Similarly, Java and C# both have a distinction between “primitive” or “value” types (such as numbers) and “reference” types (such as classes), and support “boxing”, a method of performing an operation on a primitive type — by way of an intermediary object “box” — which are normally only allowed on reference types.
Generally, proponents of strong typing argue that it’s better because it’s “safer”; they claim that by raising errors on these types of operations, the language helps you avoid certain types of bugs (for example, if you inadvertently tried to add a number and a string, it’d be better to get an error than to end up with a value that wasn’t what you expected it to be, especially if you’re going to store that data or do other work with it), while fans of weak typing argue that the increased flexibility of implicit type conversion allows you to accomplish things with less code (since you don’t have to perform as many explicit conversions to get the correct types), and that a little discipline on the part of the programmer will work around the bugs strong typing is meant to prevent.
The other major spectrum of type systems runs from static typing to dynamic typing, and in the vast majority of cases people who argue about “strong” and “weak” typing are really talking about these without realizing it. Let’s look at another example:
x = "Hello"; # ...some other intervening code... x = 3;
In a statically-typed language, this code will raise an error. In a dynamically-typed language it’ll be fine. A good way to think of the difference is this:
Some statically-typed languages require you to explicitly declare the types of your variables (and, often, they also require you to declare the type of the values returned by functions and methods); tThat’s why in some languages you’ll see things like int x = 3 instead of just x = 3. Not all statically-typed languages require this, though; some (like OCaml, for example) will infer types automatically for you in most cases, only requiring an explicit declaration when there’s an ambiguity.
Proponents of static typing again argue that it’s “safer” — you can typically “type-check” a statically-typed program fairly easily without having to actually execute any of it (and nearly all compilers and interpreters for statically-typed languages do this) and so be notified immediately of any type-related errors (for example, a compiler can easily spot that, say, x was declared an int and y a string, and refuse to compile a program which contains the operation x + y).
They also usually point out the range of things which can be easily automated in a statically-typed language (for example, many common refactorings, like breaking up a single large method into several smaller ones, or breaking out a set of values and methods into their own class); these sorts of things are hard to do in dynamically-typed languages, since you don’t necessarily have all the relevant information until the program is running.
Those who prefer dynamic typing again argue in favor of flexibility and discipline; they’ll say that some things which are impossible or which require the programmer to jump through lots of type-related hoops in a static language are possible or much easier in a dynamic language and, much as in the strong/weak debate, that a little discipline on the part of the programmer will go a long way.
A full description of a programming language’s type system usually takes one adjective from each spectrum: Python, for example, has “strong dynamic” typing, JavaScript has “weak dynamic” typing, C# has “strong static” typing, C arguably has “weak static” typing (though this one’s a matter of some debate), and so on.
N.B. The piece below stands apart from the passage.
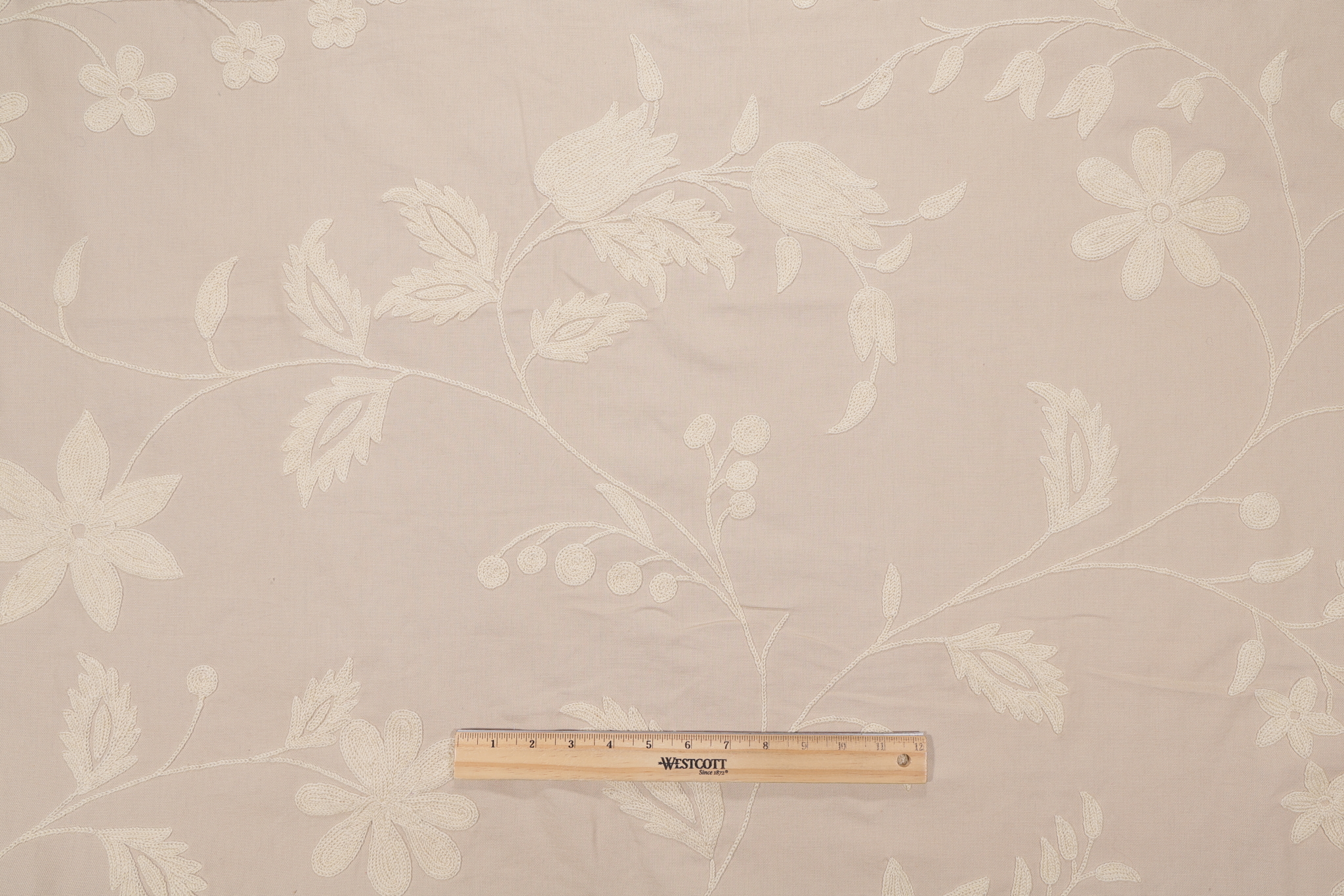 1.88 Yards Scalamandre Admar Crewel Embroidered Drapery Fabric in Cream Details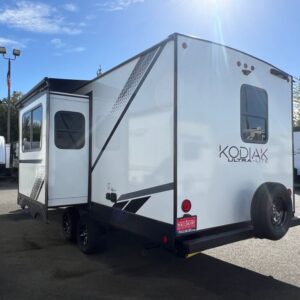 Introducing the remarkable 2025 Dutchmen Kodiak Ultra-Lite 242RBSL, a well-crafted travel trailer designed for adventurers and families alike. With an overall length of 28.87 feet, this new RV is perfect for those who desire both comfort and convenience while exploring the great outdoors. It provides ample living space to accommodate up to four individuals, making it ideal for weekend getaways or extended trips. One of the standout features of this model is its slide-out, which enhances the living area by providing additional room for relaxation and entertainment. The Kodiak Ultra-Lite is equipped with one awning, offering shelter while enjoying the fresh air outside. Additionally, it has both front and rear power leveling jacks, making setup at campgrounds effortless. Weighing in at a dry weight of 5,137 pounds and a hitch weight of 568 pounds, this RV is manageable for towing, allowing you to easily navigate your journey. The durable construction and thoughtful layout make it a fantastic choice for memorable RVing experiences. Stock#: S672, VIN: 4YDTKDL29SJ970189

There is a third spectrum, sometimes labeled “safe” and “unsafe”, but these terms are so loaded and nebulous (depending on your personal opinions, it’s possible to argue either side for the same language) that I’m going to stay away from them here, except to note that a common myth of some type systems is “if it passes type checks, it must be correct”. Most people who fall into that pit learn sooner or later that type errors are just one class of errors, and that the strictest, “safest” typing in the world can’t stop you from writing a program that does something stupid.
And almost without fail, debates about type systems will involve at least one person confusing the different classes of typing; the most common error is to assume that static typing is the same as strong typing, and that dynamic typing is the same as weak typing; in effect assuming that type systems are one-dimensional when, in fact, they’re (at the very least) two-dimensional. The c2 wiki has a nice graph showing this with examples.
Or, at least, you know the basics. There’s a whole heck of a lot more that’s useful to know about type systems (for example, the varying definitions of “safe” and “unsafe” and what makes different languages fall into those categories), but strong/weak and static/dynamic is the bare minimum you need to understand to get by, and if you can master that you’ll be doing better than an awful lot of the folks who argue about them…
Comments for this entry are closed. If you'd like to share your thoughts on this entry with me, please contact me directly.
Nice overview. Surprisingly, I actually did understanding typing correctly (although I wouldn’t have been confident enough that I did to say it out loud ten minutes ago). Thanks for the confirmation.
But I do have a n00b question. It seems to me that languages like Python (strong/dynamic) have a bit of a discrepancy on their hands. It feels funny to argue in favor of flexbility on the dyanmic/static axis and in favor of safety on the strong/weak plane — doesn’t it?
The canonical answer to your question is “ask Guido”, because he’s the only one who could really explain why Python made that design choice :)
There are some relevant bits in the Zen of Python (particularly “In the face of ambiguity, refuse the temptation to guess” and “Explicit is better than implicit”) which go along with strong typing but not necessarily static typing.
Personally, I think going strong/dynamic strikes a nice balance: you get the ease of understandability which comes from strong typing (since you don’t need to memorize rules about what can be munged and when and how), without the cumbersome nature of (most) static type systems.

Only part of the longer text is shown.